Staining and Locking Computer Vision Models without Retraining¶

Conference: ICCV 2025 arXiv: 2507.22000 Code: None Area: AI Safety Keywords: model watermarking, model locking, intellectual property protection, training-free, computer vision

TL;DR¶

This paper proposes novel algorithms for staining (watermark embedding) and locking (usage protection) of pretrained vision models without any retraining or fine-tuning. The approach directly modifies a small number of weights to implant highly selective detector neurons, provides theoretically computable false positive rate guarantees, and is validated on image classification and object detection models.

Background & Motivation¶

Designing, training, and validating deep learning models incurs substantial cost; once model weights are leaked or misappropriated, the damage to enterprises can be severe. Existing model intellectual property (IP) protection methods fall into two categories: staining (watermarking) and locking.

Limitations of Prior Work: - All existing staining and locking methods in the literature rely on model retraining or fine-tuning, which implies: (1) a separate model must be trained for each client, incurring high cost; (2) retraining may alter model behavior in unpredictable ways; (3) access to training or validation data is required. - Backdoor-based watermarking methods inherently alter the model's response to natural images by manipulating training data, introducing uncontrollable risks. - Existing methods lack provable false positive rate guarantees.

Key Challenge: How can reliable model protection be achieved without retraining, while simultaneously providing theoretical guarantees?
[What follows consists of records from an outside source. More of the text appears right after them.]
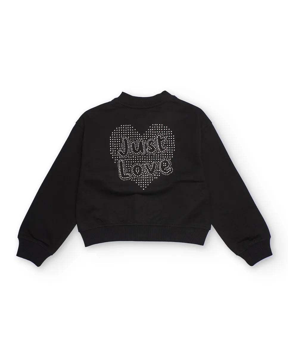Плюшевая куртка для девочки черного цвета, с передней застежкой на кнопки и круглым вырезом. Имеет два нагрудных кармана с клапанами и эластичные ребристые манжеты. Задняя часть украшена блестящим принтом из заклепок в форме сердца с надписью «Just Love». Идеально подходит, чтобы добавить современный и удобный штрих к любому образу.
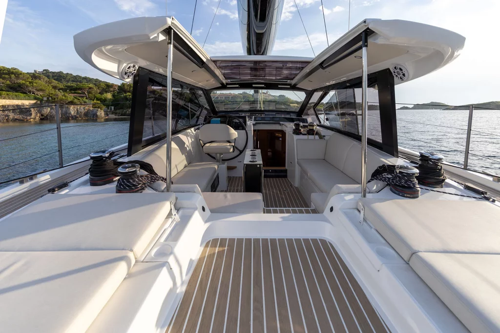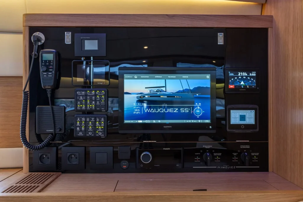 On deck as well as inside, the Wauquiez 55 offers an unmatchedlayout, focusing on simplicity, space and well-being, in total safety. •Her deck plan offers three distinct areas, each with a dedicatedvocation: •The navigation space welcomes all manoeuvres and the helmstation, and enables the captain to stay in touch with the rest of the crew. With a 360° vision on the marine environment, and a direct access to the saloon. When mooring, this space becomes a living and sharing area. •The relaxation space, as a natural extension of the cockpit, featurestwo generous sun beds that can be turned into sofas. One couldlounge around, read a book, watch the stars, no to mention the sunset. •The plaisance space, close to waterline, full-beam, is a privilegedarea to prepare a swimming session, get sun-dried, splash the water toys, scuba-dive or snorkel around. Of…
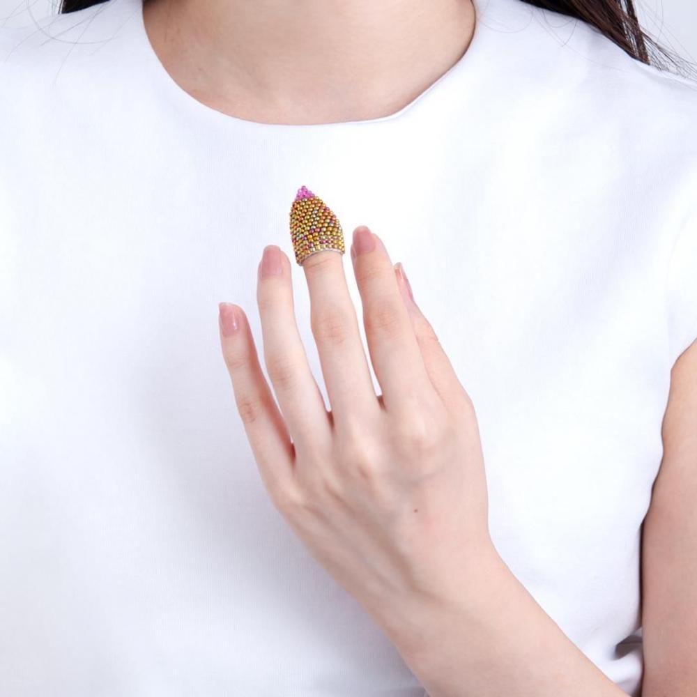 指先につけると爪のように見えるネイルリング。
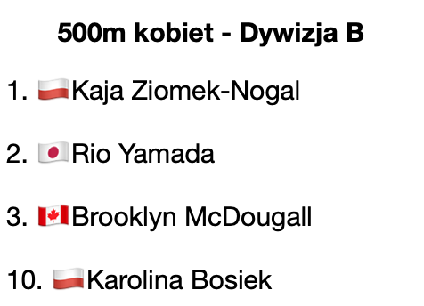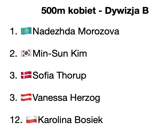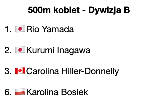 🏆13:40 – 500m kobiet – Dywizja B – 1 bieg (🇵🇱K. Bosiek) – Wyniki
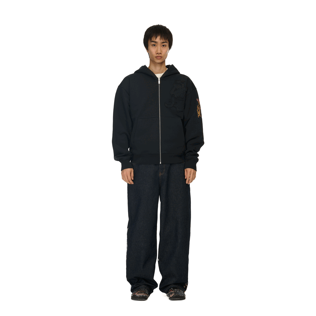 460gsm / 100% preshrunk cotton / embroidered patch on front / embroidery on back and sleeves / with double-slided YKK zipper / without cord / fits true to size
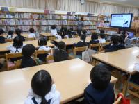 図書館では本の借り方を教えてもらいました。さっそく借りた本を友達と見せ合っていました。
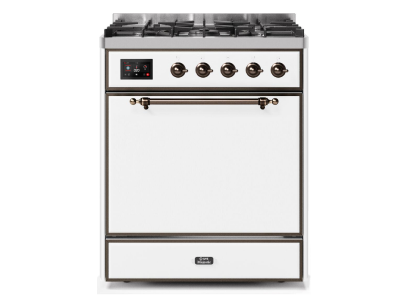 30" ILVE Majestic II Dual Fuel Freestanding Range in White with Bronze Trim - UM30DQNE3/WHB NG
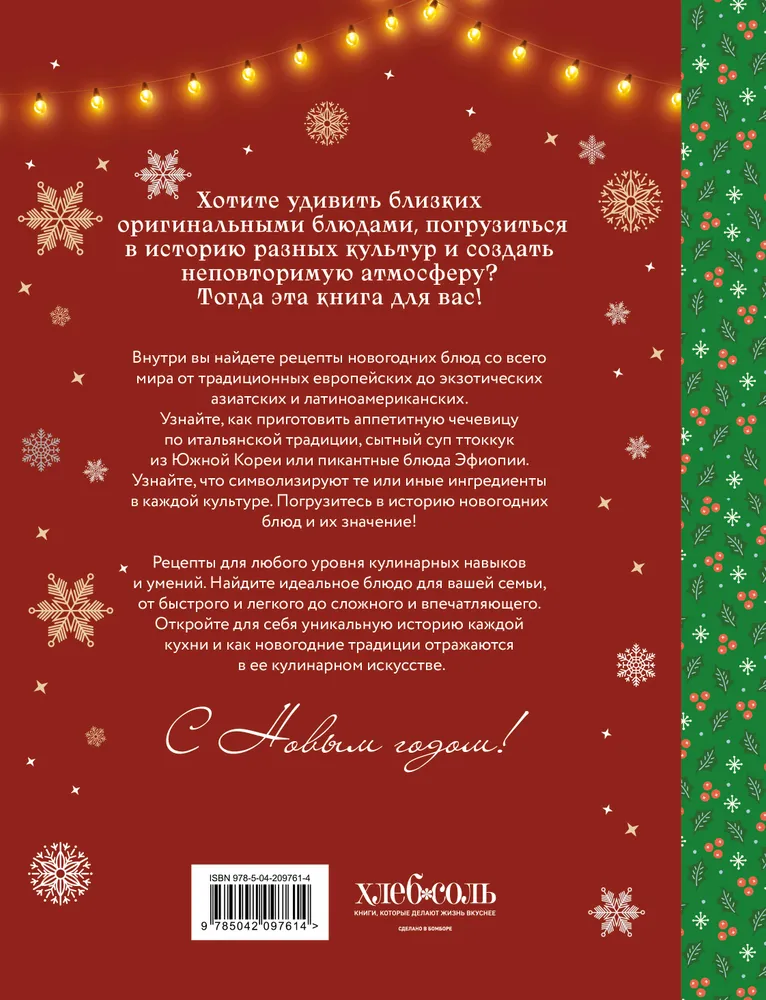 Ustali ot olive i seledki pod shuboj? Mechtaete o volshebnom novogodnem stole, kotoryj udivit i poraduet blizkikh? Togda eta kniga - vash bilet v gastronomicheskoe puteshestvie po samym jarkim i vkusnym novogodnim traditsijam raznykh stran! Predstavte: pod boj kurantov vy podnimaete bokal ne tolko za schaste, no i za novyj, neizvedannyj vkus. Na vashem stole - ne prosto nabor privychnykh bljud, a nastojaschee proizvedenie iskusstva, sozdannoe po retseptam, berezhno khranimym vekami v raznykh ugolkakh planety. V etoj knige my sobrali luchshie novogodnie retsepty so vsego mira, chtoby vy smogli: * Okunutsja v atmosferu prazdnika. Uznajte, kak vstrechajut Novyj god pod zharkim solntsem Avstralii i v zasnezhennoj Evrope, v tainstvennoj Azii i koloritnoj Latinskoj Amerike! * Prigotovit neobychnye i vkusnye bljuda. Ot italjanskoj chechevitsy, prinosjaschej bogatstvo, do japonskoj lapshi, simvolizirujuschej dolgoletie, - kazhdyj retsept neset v sebe glubokij smysl i nepovtorimyj vkus. * Udivit svoikh gostej. Sozdajte nezabyvaemyj novogodnij stol, kotoryj stanet glavnym ukrasheniem prazdnika. * Rasshirit svoj kulinarnyj krugozor. Poznakomtes s sekretami prigotovlenija natsionalnykh bljud i poprobujte novye produkty i spetsii. * Sozdat svoi semejnye traditsii. Prigotovte vmeste s blizkimi novye bljuda i vnesite ikh v svoju kopilku novogodnikh vospominanij.
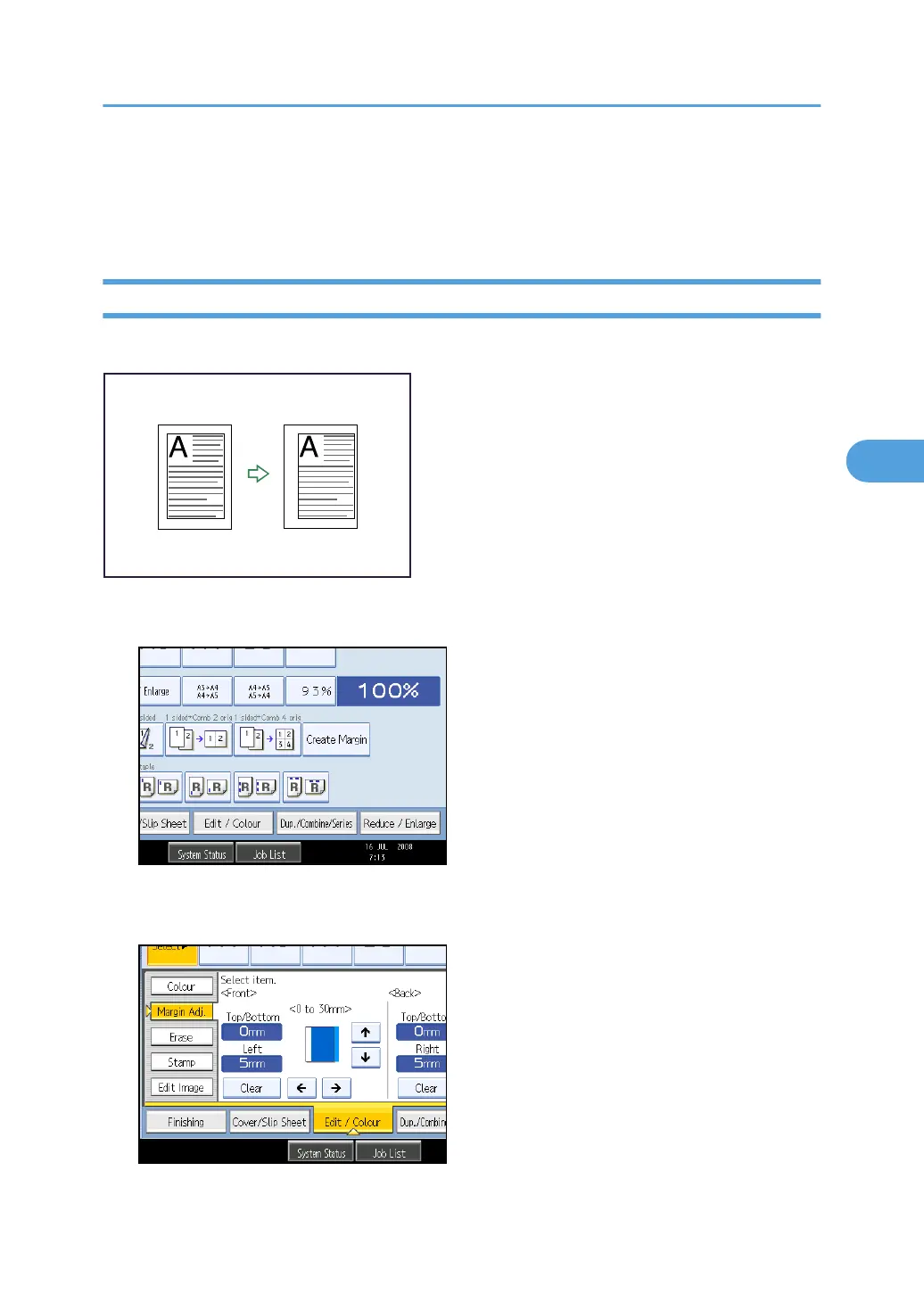 2. Make sure that [Margin Adj.] is selected. If [Margin Adj.] is not selected, press [Margin Adj.].

Key Insight: Inspired by stealth attacks, the work exploits the concentration properties of feature spaces in modern models to implant highly selective detector neurons via direct weight modification.
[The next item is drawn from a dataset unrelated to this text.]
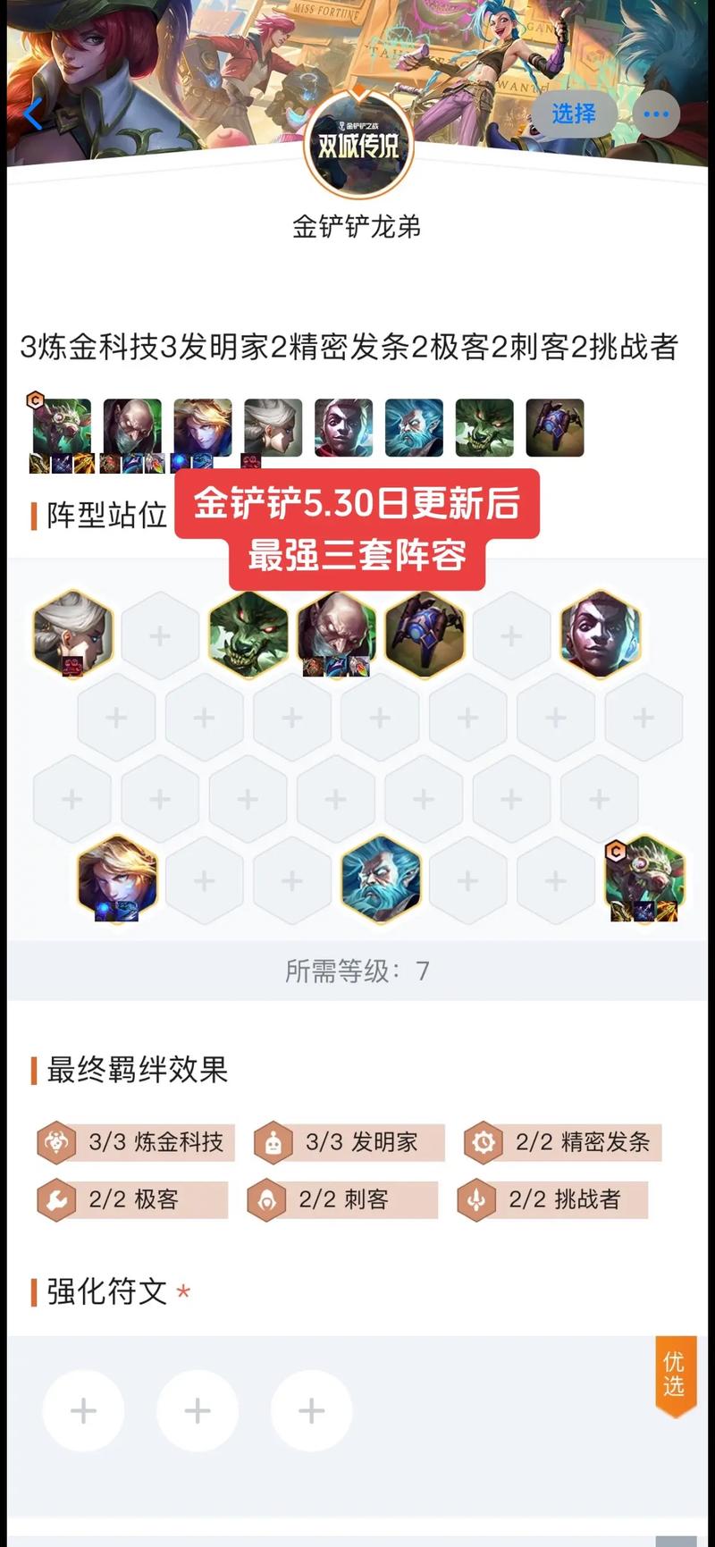 〖Four〗、阵容推荐一 阵容成员:希维尔、牛头、斯维因、卢锡安、蔚、瑟庄妮、嘉文四世。阵容羁绊:6海克斯科技2执法官2格斗家2强袭战士1宿敌。阵容推荐二 阵容成员:泰达米尔、扎克、烈娜塔、沃里克、维克托、杰斯、蔚、希尔科。阵容羁绊:5炼金科技2执法官2挑战者2学者2格斗家1宿敌1微光首脑1未来守护者。
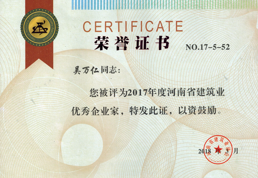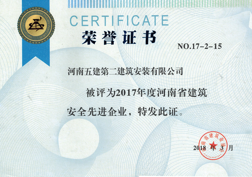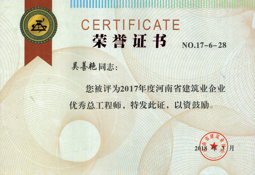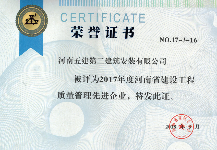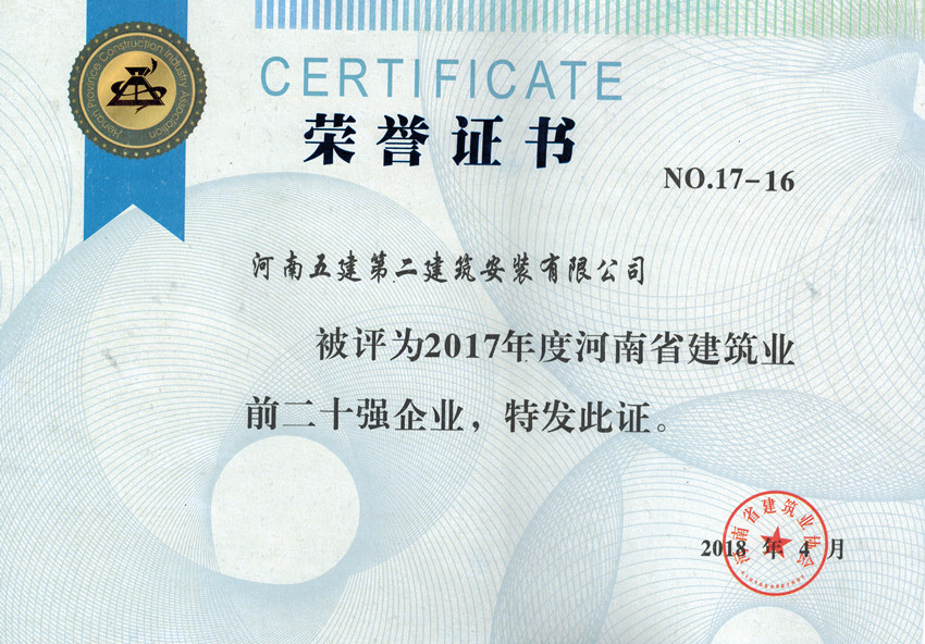 公司榮獲 2017年度“河南省建筑業(yè)前二十強企業(yè)”、“河南省建筑業(yè)先進企業(yè)”等多項榮譽

Core Idea: By implanting a randomly sampled detector neuron into the model and leveraging the high-dimensional concentration phenomenon of the feature space, the neuron is ensured to respond negligibly to natural inputs. A trigger input that strongly activates it can be obtained via optimization, enabling training-free staining and locking.

Method¶

Overall Architecture¶

The entire approach is built around a single core component — the Detector Neuron. Staining implants the detector neuron into the model as an identifying fingerprint; locking augments the detector neuron with a Disruptor, rendering the model non-functional in the absence of the trigger input. The entire process directly modifies model weights, requiring neither training data nor gradient-based backpropagation.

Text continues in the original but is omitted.